The pulmonary rehabilitation program is a multidisciplinary team-based intervention. It entails the participation of a variety of specialists who are working toward a shared objective, and research has shown that working as a team improves outcomes [13]. Cancer rehabilitation is now a viable alternative for cancer survivors. It is a procedure that is significant at various points in the lives of cancer patients, beginning with the initiation of therapy [14]. In addition, cancer patients must receive palliative care for several reasons. The number of studies examining the advantages of biological exercise for palliative care patients has steadily increased. According to the findings of a systematic review, exercise as a preventive measure has shown improvement in aerobic fitness, strength, and physical function are all necessary, as well as pain and exhaustion [15]. According to estimates, cancer affects approximately one million people in India.

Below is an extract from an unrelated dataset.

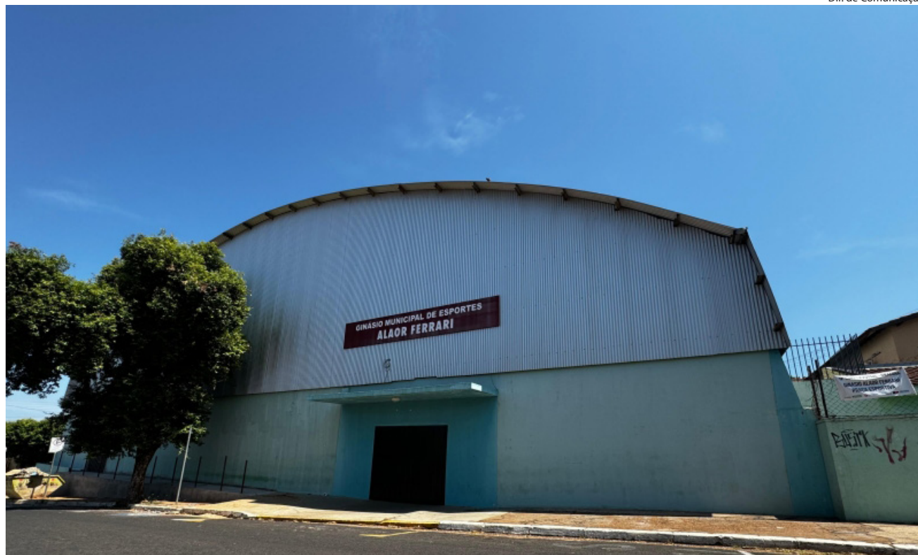
Ginásio de Esportes Alaor Ferrari passou por vistorias nesta terça-feira

Previously, analgesic care was believed to be a treatment that would result in a patient’s complete recovery, but now the goal of palliative care is expected to enhance the patient’s overall life satisfaction. Physiotherapy has been shown to improve perceived well-being in a variety of patient populations in need of palliative care, including cancer, HIV, neurological issues, cardiac issues, and mental illnesses [16].

Conclusions

The intervention in this case study concentrated on palliative care. Physiotherapy rehabilitation has proven to be quite effective for individuals receiving palliative care. The therapist repeatedly advised the patient to pursue palliative care rehabilitation programs to aid with dyspnea, chest discomfort, and weakness. This case report conveys the management direction and importance of adherence to exercise in lung cancer patients in terms of pulmonary rehabilitation and palliative care physiotherapy to bring out the best possible physical and mental health. The therapy has resulted in a considerable improvement in the patient’s quality of life in addition to a decrease in symptoms.